Might Chalkdust breaks Sparrow’s record with 9th Monarch title

Dr Hollis “Chalkdust” Liverpool during his performance of Learn from Arithmetic during the Dimanche Gras show at Queen’s Park Savannah, Port-of-Spain on Sunday.

(Trinidad Guardian) The Mighty Chalkdust’s (Dr Hollis Liverpool) victory at this year’s Dimanche Gras on Sunday night pushed him ahead of the “Calypso King of the World’s” (Slinger Francisco) record with nine titles as Calypso Monarch.

The two bards were previously tied with eight victories each and Chalkdust had tried unsuccessfully at eclipsing Sparrow since he copped his last monarch title in 2009.

But on Sunday night Chalkdust connected with people on the serious issue of potential child abuse as a result of child marriage, provoking thought while at the same time having folks chuckle and laugh.

He beat out Karene Asche and Heather Mac Intosh into second and third respectively, while defending monarch Devon Seale could only manage sixth spot. (See page A21)

Surrounded by friends, family and jubilant supporters after the victory, Liverpool told the T&T Guardian: “That is the essence of the calypso—people must understand it, and they must laugh, they must be entertained. You taking serious issues, but not in a way to make people drowsy or make the song boring… You have to make the topic beautiful, so they can enjoy themselves and laugh at themselves, you know? People must learn to laugh.”

Liverpool said he was not afraid he might offend some Hindu people as a result of the topic of his calypso Learn From Arithmetic.

“No.
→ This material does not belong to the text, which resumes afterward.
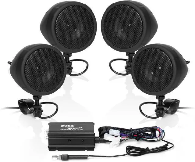 BOSS Audio Systems MCBK470B Motorcycle Bluetooth Speaker System - Class D Compact Amplifier, 3 Inch Weatherproof Speakers, Volume Control, Great for Use With ATVs and 12 Volt Vehicles
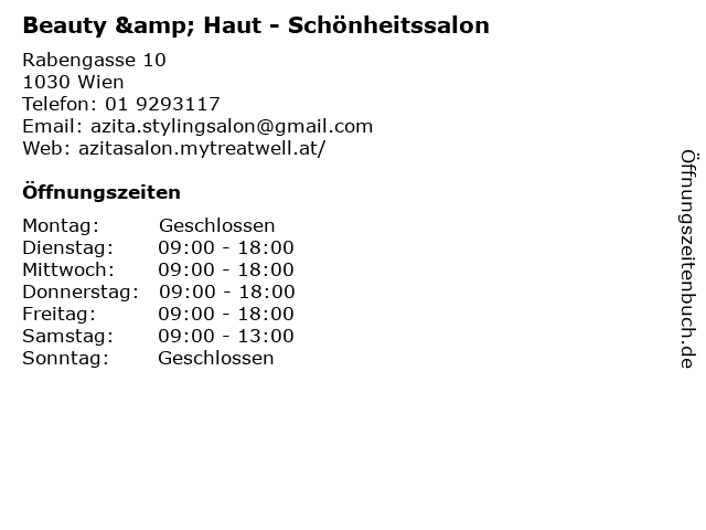 | Öffnungszeiten Beauty & Haut - Schönheitssalon in Wien anzeigen | |

Because I did everything clean, nothing dirty, nothing nasty—just talking maths. I couldn’t offend Hindu people because I just simply said what is happening. I played double entendre, yes.”

His calypso falls squarely in social commentary while also flirting with the idea of smut calypso—the tag line “75 can’t go into 14” is both a lesson in maths and a possible metaphor for old men having sexual relations with young girls—yet the way he expressed it mocked the absurdity and immorality of such unequal relationships with a barbed humour.

“It was a lesson in both literacy and numeracy,” quipped one of his supporters.

Asked what he intended to do with his $700,000 winnings and what he will try next year for a tenth win, Liverpool said: “Both those things depend on my wife, …because my wife usually tells me if my calypsoes are good, bad or indifferent.”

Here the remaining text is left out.